2012年12月13日 星期四

Talk by Mr. Georg Todtenbier / M10010121 M10110106 M10110108 M10110109 M10110110 M10110113 M10110117 M10110801


Georg gave a brief introduction about his Company, CRE8 DESIGN, and himself before moving on to the main topic of the lecture, Cultivating Failure: Process in product design. He started his career as a stone sculptor after studying Fine Arts, but later found his passion lies more in design, and went on to earn a Master’s degree in Industrial Design at a Bauhaus-founded University in Germany.
His Asian experience started in Japan with a scholarship at the renowned Tama Art University in Tokyo, followed by a subsequent internship at Panasonic, in Osaka.
In 2002, he moved to Taiwan, and later joined CRE8 DESIGN, which was founded in 2001 by he Kris Verstockt. As one of the leading design firms in Taiwan, CRE8 employs over 35 people from 6 different countries, with 3 office locations in Taiwan, and 1 in the States for customer contact only. All of CRE8’s design works are done here in Taipei. Their primary expertise lies in Ideation, Visualization, Product Strategy, Product Design, Graphic Design, Package Collateral, Advertising, Branding, Graphic User Interface (GUI), Applications, Webpage Design, Mechanical Engineering, Sourcing, and Product Development. However, they mainly focus on consumer electronic products.
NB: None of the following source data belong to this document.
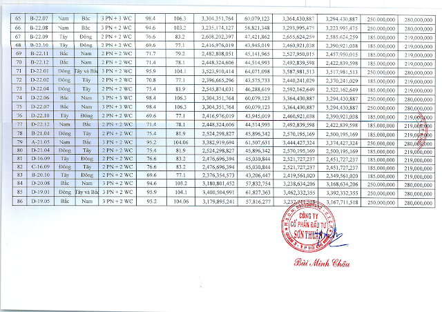 02. Bảng giá 86 căn đợt cuối kèm nội thất.
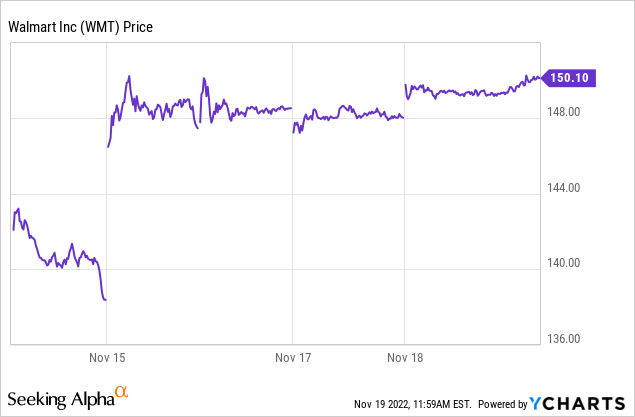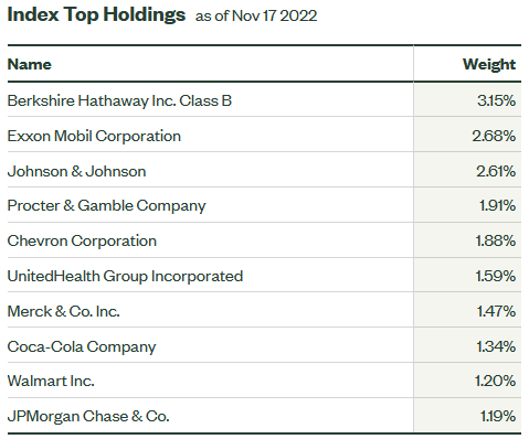 Two relatively defensive consumer staples companies - Coca-Cola (KO) and Walmart (WMT) - hold down the next two positions in SPYV's top-10 list and equate to a combined weight of 2.5%. Walmart popped ~$10 higher on Tuesday after delivering Q3 results that surprised analysts and were a big beat on both the top- and bottom-lines:
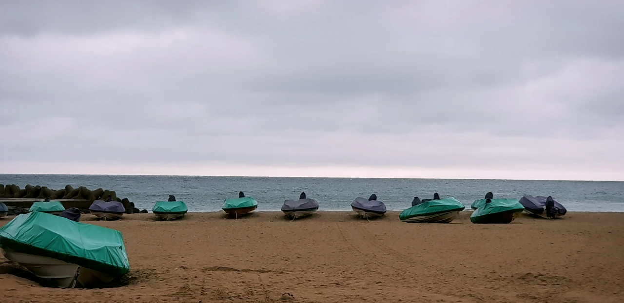 여름 사람이 북적거리게 되면 저 너른 바다를 누비게 될 모터보트들이 아직 봄인 지금은 나란히 휴식 중이다.
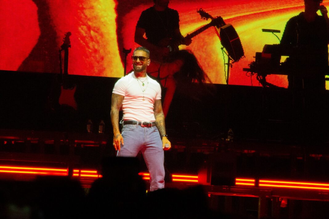 Al filo de las 21:15 horas, el colombiano apareció en el escenario vistiendo un abrigo blanco para arrancar con éxitos como “Borro Cassette” y “El Perdedor”, temas que marcaron el inicio de un recorrido musical por más de una década de trayectoria.
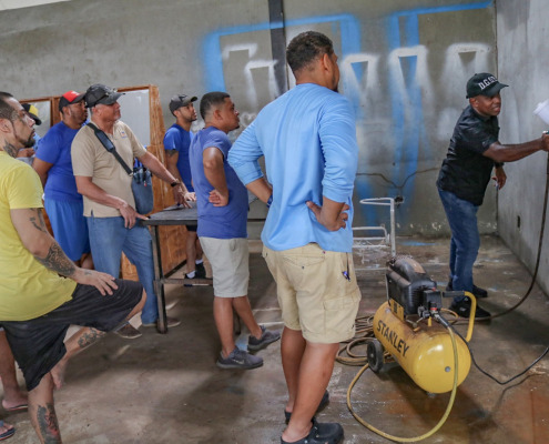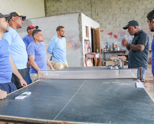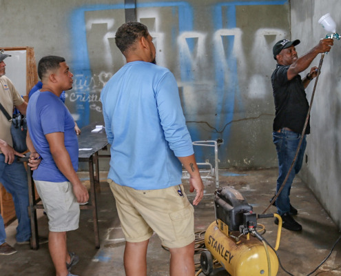 Panamá, 5 de septiembre de 2023. – Una capacitación sobre pintura con compresor recibieron los privados de libertad que asisten al taller de ebanistería Integrarte en el centro penitenciario La Joya, con el fin de mejorar las habilidades de las personas privadas de libertad en esta área técnica así como perfeccionar la calidad de los productos que ofrece el proyecto al público.
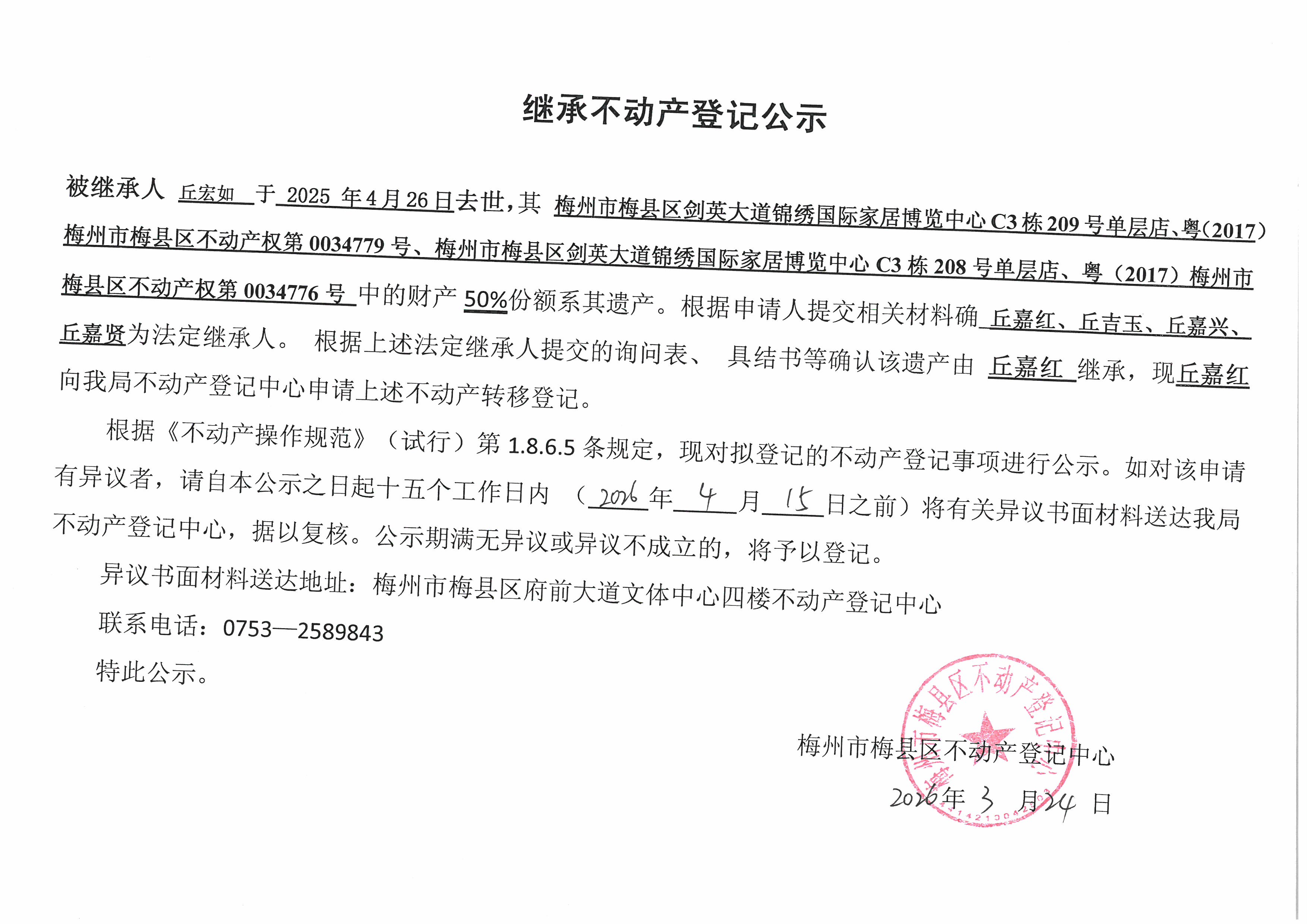 被继承人丘宏如于2025年4月26日去世,其梅州市梅县区剑英大道锦绣国际家居博览中心C3栋209号单层店、粤(2017)梅州市梅县区不动产权第0034779号、梅州市梅县区剑英大道锦绣国际家居博览中心C3栋208号单层店、粤(2017)梅州市梅县区不动产权第0034776号中的财产50%份额系其遗产。根据申请人提交相关材料确丘嘉红、丘吉玉、丘嘉兴、丘嘉贤为法定继承人。根据上述法定继承人提交的询问表、具结书等确认该遗产由丘嘉红继承,现丘嘉红向我局不动产登记中心申请上述不动产转移登记。
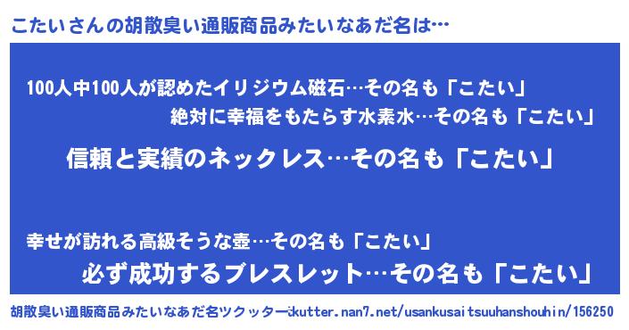 | 意味不明あだ名 | 『とにかく怪しいこたい』 |
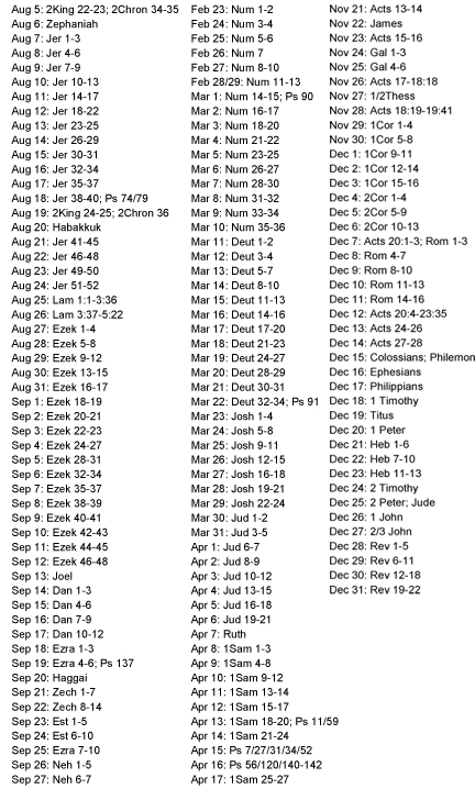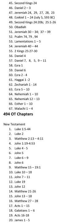 COMPLETE TEXT - Read 3-4 chapters a day (1-2 morning, 2 evening) to read through the entire text of Scripture in Chronological order. A link to a .pdf with all the scripture references is here.

CRE8 has already won more than 30 local and international design awards, including 3 Red Dot and iF Awards in 2012 and 2013 respectively.
Georg introduced some of their very successful designs, particularly the Steel series- WoW Mouse, which were limited in quantity as they were hand-made and each mouse was different from the other. This made it a big hit amongst game lovers, and some even bought them as souvenirs.
He then started the day’s topic by using Apple as an example of a company that practices good product design. Apple is very successful as a company because of their design philosophy. Their products are designed in every aspect, and that design is present in their whole process, which is why their whole user experience is nice.
CRE8 uses a typical design process – Ideate, Concept, Prototype, CAD, Final Design. They sometimes skip the concept/sketching phase and jump right to prototyping in some cases such as mice design, because its a waste of time. At the ideation phase of the design process, they do intense group brainstorming sessions. At the concept stage, they do rapid mass sketching. After some filtering and elimination, the five best ideas are chosen and some touch ups (mostly use Photoshop) are done on them for presentation to the client. They then make some quick and dirty prototypes (mostly use paper or foam). Because the mock-ups show reality, making them prior to doing any 3D rendering saves a lot time.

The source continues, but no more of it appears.